## Action item
Print every record below exactly as it stands, but leave out the pictures.

== Available records

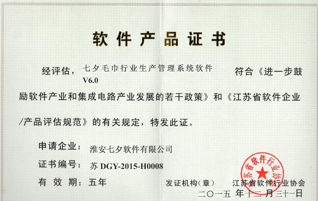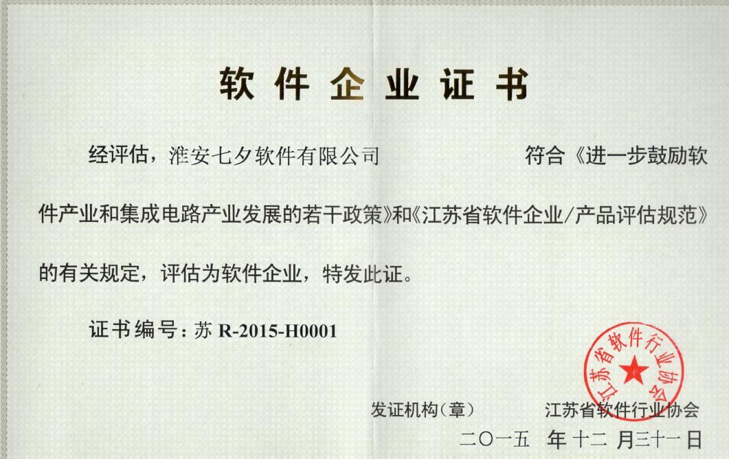 热烈祝贺淮安七夕软件有限公司通过江苏省软件行业协会的“双软认证”
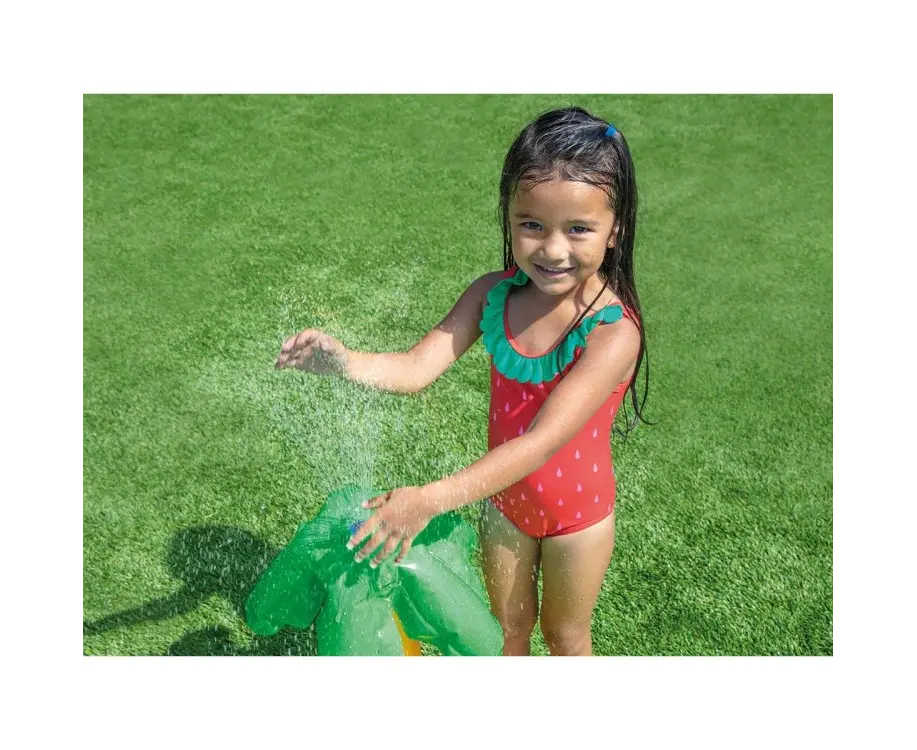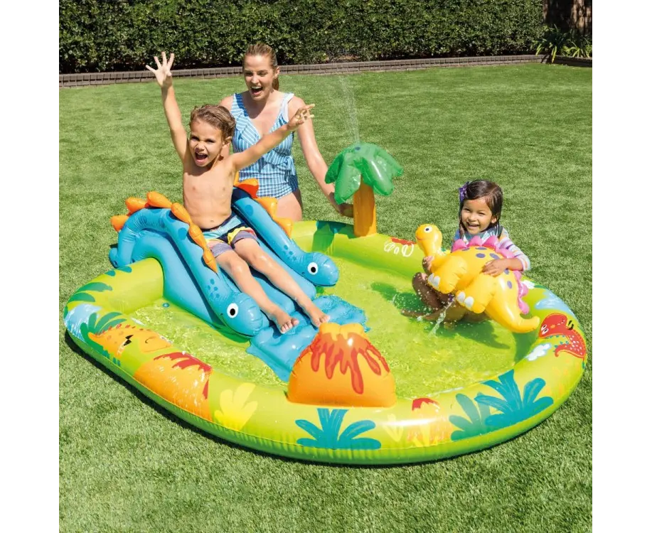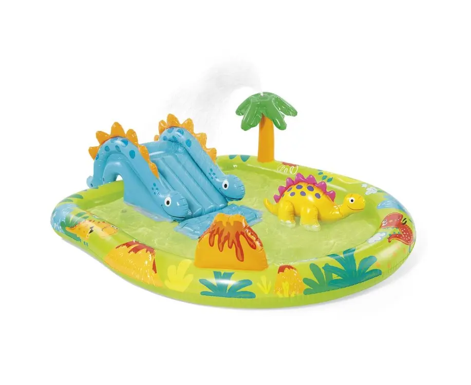 Perfect fun for kids ages 2 and up. An inflatable pool, a slide and a fountain will not leave children indifferent. The fountain is connected to a water source.
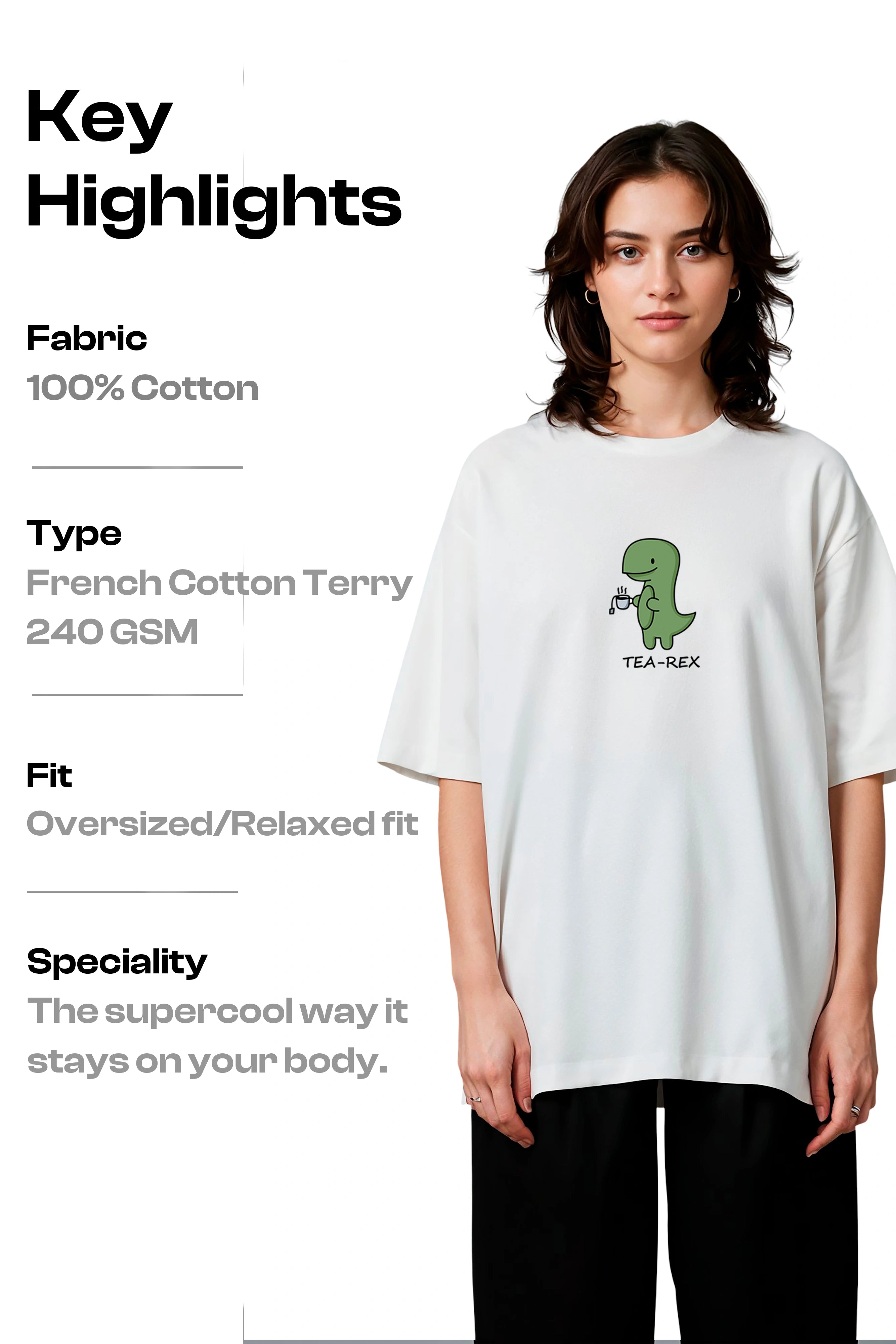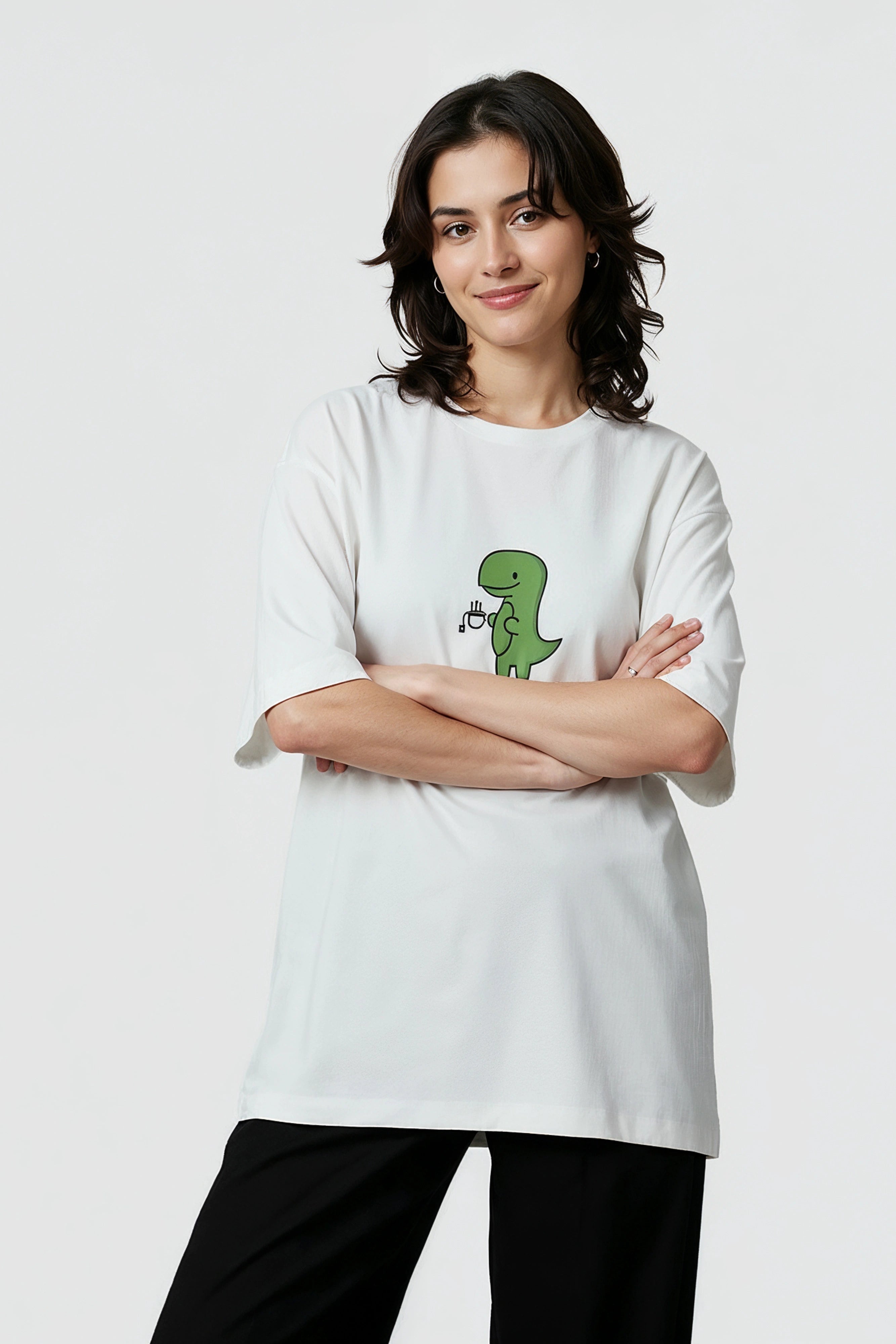 Bold Design: Features the creative Tea- rex dainasaur desing with green solid colour.as a premium, high-quality detail on the chest. A subtle yet instantly recognizable statement for those in the know. Classic Details: A timeless round neck (crew neck) makes it a versatile staple that pairs effortlessly with jeans, joggers, or shorts. |
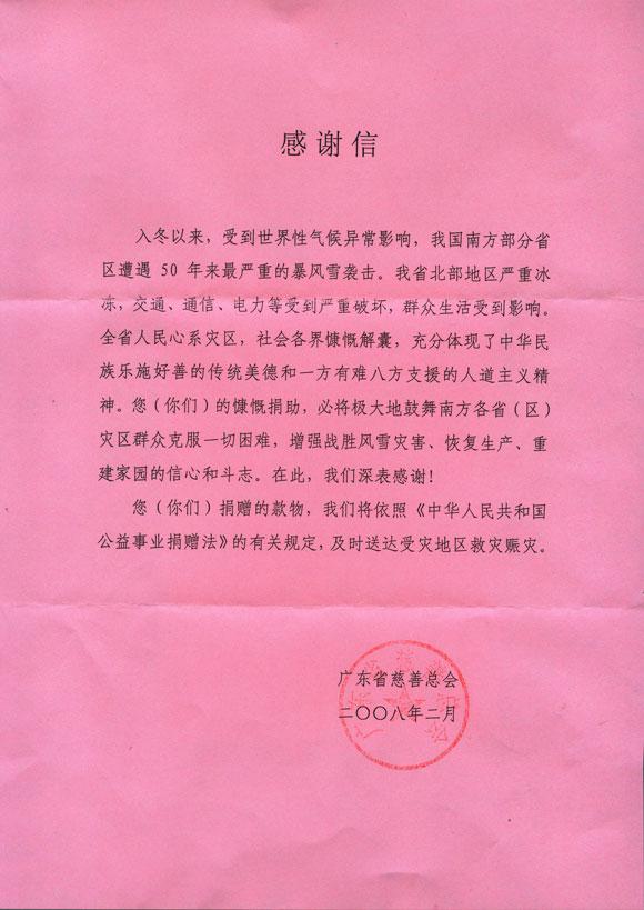 入冬以来,受到世界性气候异常影响,我国南方部分省区遭遇50年来最严重的暴风雪袭击。我省北部地区严重冰冻,交通、电力等受到严重破坏,群众生活受到影响。为确保部分灾民的生产生活,协助省政府做好救援工作,广东省慈善总会从2月2日启动“抗冰雪,送温情”接收各界捐赠行动。
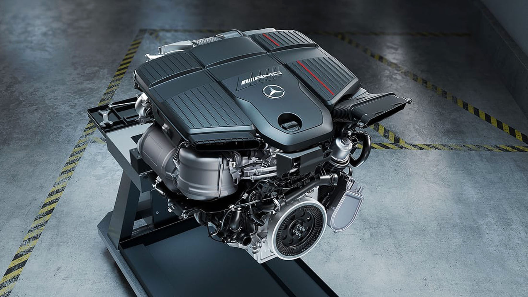 Η μετάδοση γίνεται μέσω του κιβωτίου AMG Speedshift TCT 9G και του πλήρως μεταβλητού συστήματος τετρακίνησης 4Matic+, το οποίο σε κανονικές συνθήκες λειτουργεί κυρίως ως πισωκίνητο.
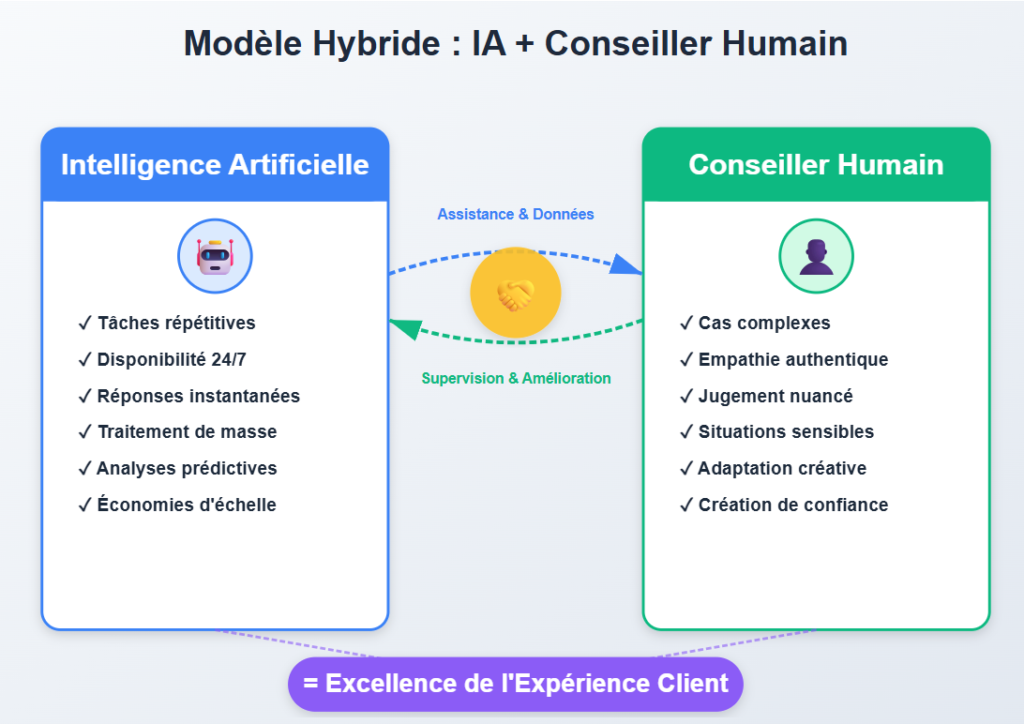 La question n’est plus “IA ou conseillers humains ?” mais “comment optimiser leur complémentarité ?”. L’IA excelle dans l’automatisation, la rapidité et le traitement de données massives. L’humain apporte empathie, jugement, créativité et capacité d’adaptation aux situations complexes.
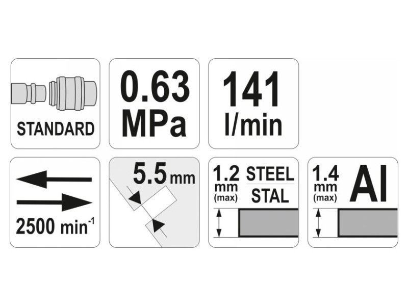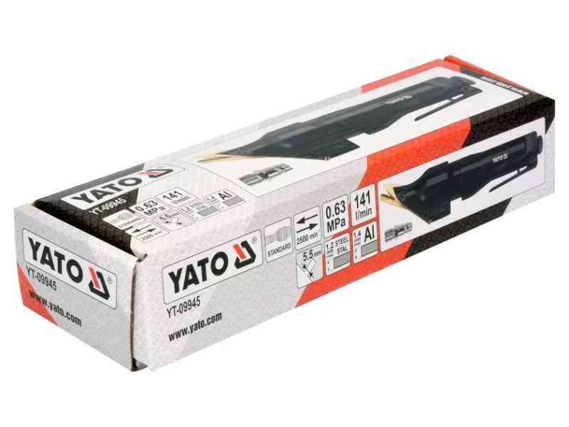 YT-09945 pneumatic shears are a professional YATO tool that will work in any workshop. You can easily cut steel and aluminum, enjoying comfort at work.
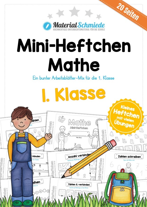 Hier findet ihr ein Mini-Heftchen zum Thema Mathe für die 1. Klasse bestehend aus insgesamt 20 Seiten.
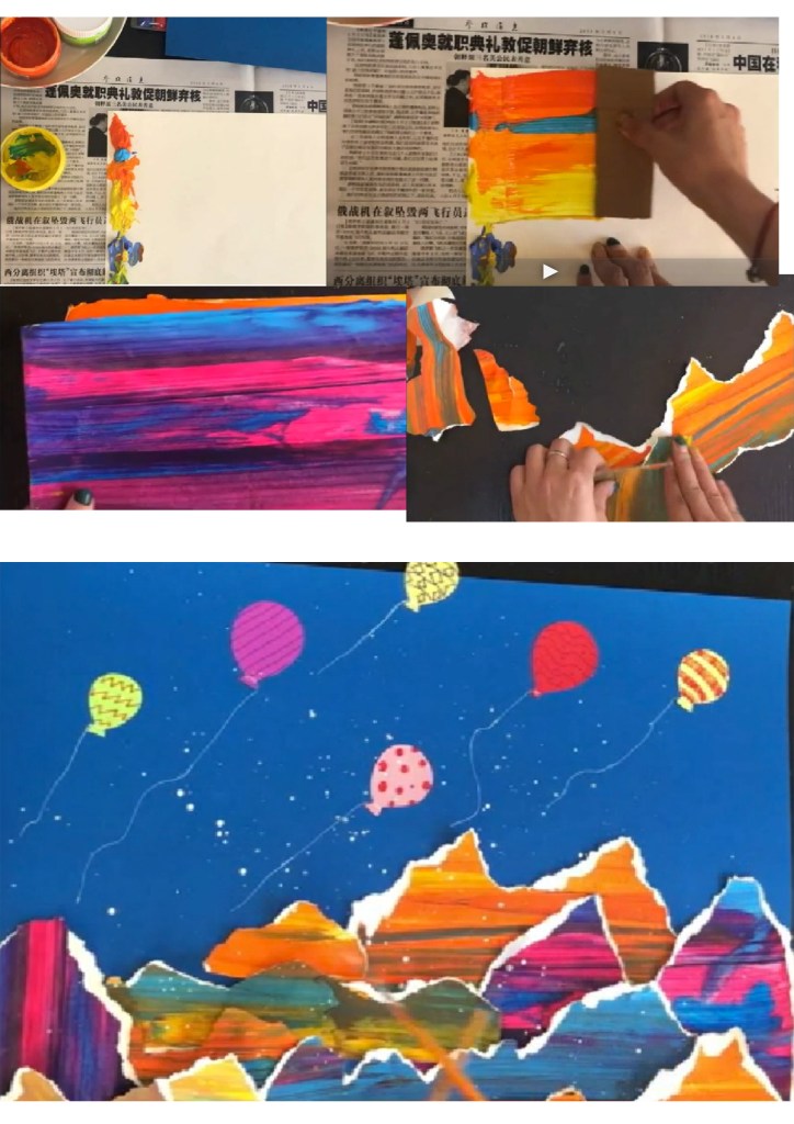 教学过程:先给学生看丹霞地貌的实景拍摄照片,讲解形成的原因,然后教学生如何用纸板刮出不同的颜色肌理,如何把纸撕出山的形状,最后教学生画气球,设计出不同图案的气球样式
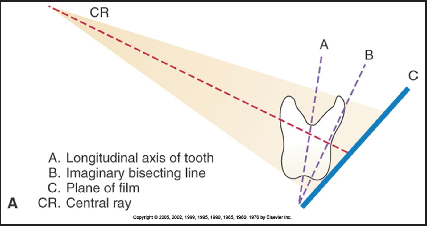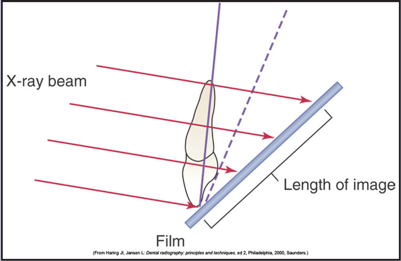 When applying the paralleling technique, the vertical angulation is the only component to maintaining the parallel plane. There is no set degree number to follow. As stated earlier under basic principles, the tooth, the receptor, and end of the position indicating device (PID) are all kept on parallel planes. If the vertical angulation is excessive, the image will appear foreshortened. Insufficient vertical angulation produces an elongated image.
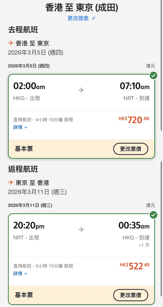 提提大家,搜尋後所顯示嘅機票價錢係已連稅,去程連稅$688起,回程連稅$490起就係今次優惠)
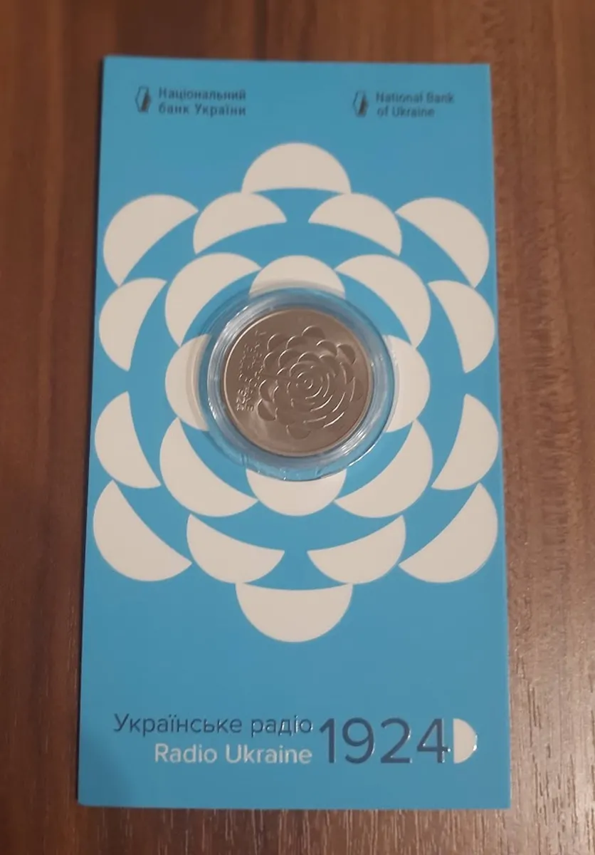 Продам пам'ятну монету 100 років із часу заснування `Українського Радіо`у сувенірному пакованні (нейзильбер), 2024 р.
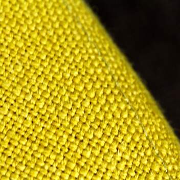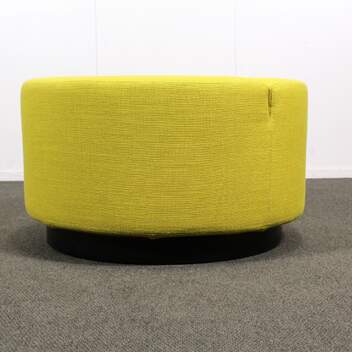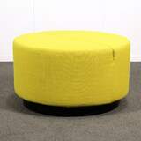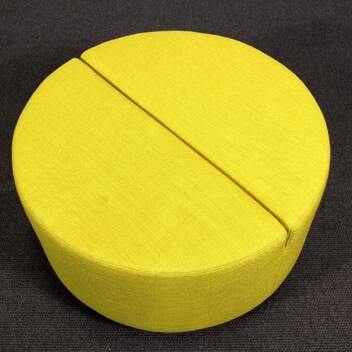 Halkaisija 70 cm, korkeus 40 cm. Kangas keltainen, sokkelijalusta musta.

====

## Answer section
 热烈祝贺淮安七夕软件有限公司通过江苏省软件行业协会的“双软认证”
 Perfect fun for kids ages 2 and up. An inflatable pool, a slide and a fountain will not leave children indifferent. The fountain is connected to a water source.
 Bold Design: Features the creative Tea- rex dainasaur desing with green solid colour.as a premium, high-quality detail on the chest. A subtle yet instantly recognizable statement for those in the know. Classic Details: A timeless round neck (crew neck) makes it a versatile staple that pairs effortlessly with jeans, joggers, or shorts. |
 入冬以来,受到世界性气候异常影响,我国南方部分省区遭遇50年来最严重的暴风雪袭击。我省北部地区严重冰冻,交通、电力等受到严重破坏,群众生活受到影响。为确保部分灾民的生产生活,协助省政府做好救援工作,广东省慈善总会从2月2日启动“抗冰雪,送温情”接收各界捐赠行动。
 Η μετάδοση γίνεται μέσω του κιβωτίου AMG Speedshift TCT 9G και του πλήρως μεταβλητού συστήματος τετρακίνησης 4Matic+, το οποίο σε κανονικές συνθήκες λειτουργεί κυρίως ως πισωκίνητο.
 La question n’est plus “IA ou conseillers humains ?” mais “comment optimiser leur complémentarité ?”. L’IA excelle dans l’automatisation, la rapidité et le traitement de données massives. L’humain apporte empathie, jugement, créativité et capacité d’adaptation aux situations complexes.
 YT-09945 pneumatic shears are a professional YATO tool that will work in any workshop. You can easily cut steel and aluminum, enjoying comfort at work.
 Hier findet ihr ein Mini-Heftchen zum Thema Mathe für die 1. Klasse bestehend aus insgesamt 20 Seiten.
 教学过程:先给学生看丹霞地貌的实景拍摄照片,讲解形成的原因,然后教学生如何用纸板刮出不同的颜色肌理,如何把纸撕出山的形状,最后教学生画气球,设计出不同图案的气球样式
 When applying the paralleling technique, the vertical angulation is the only component to maintaining the parallel plane. There is no set degree number to follow. As stated earlier under basic principles, the tooth, the receptor, and end of the position indicating device (PID) are all kept on parallel planes. If the vertical angulation is excessive, the image will appear foreshortened. Insufficient vertical angulation produces an elongated image.
 提提大家,搜尋後所顯示嘅機票價錢係已連稅,去程連稅$688起,回程連稅$490起就係今次優惠)
 Продам пам'ятну монету 100 років із часу заснування `Українського Радіо`у сувенірному пакованні (нейзильбер), 2024 р.
 Halkaisija 70 cm, korkeus 40 cm. Kangas keltainen, sokkelijalusta musta.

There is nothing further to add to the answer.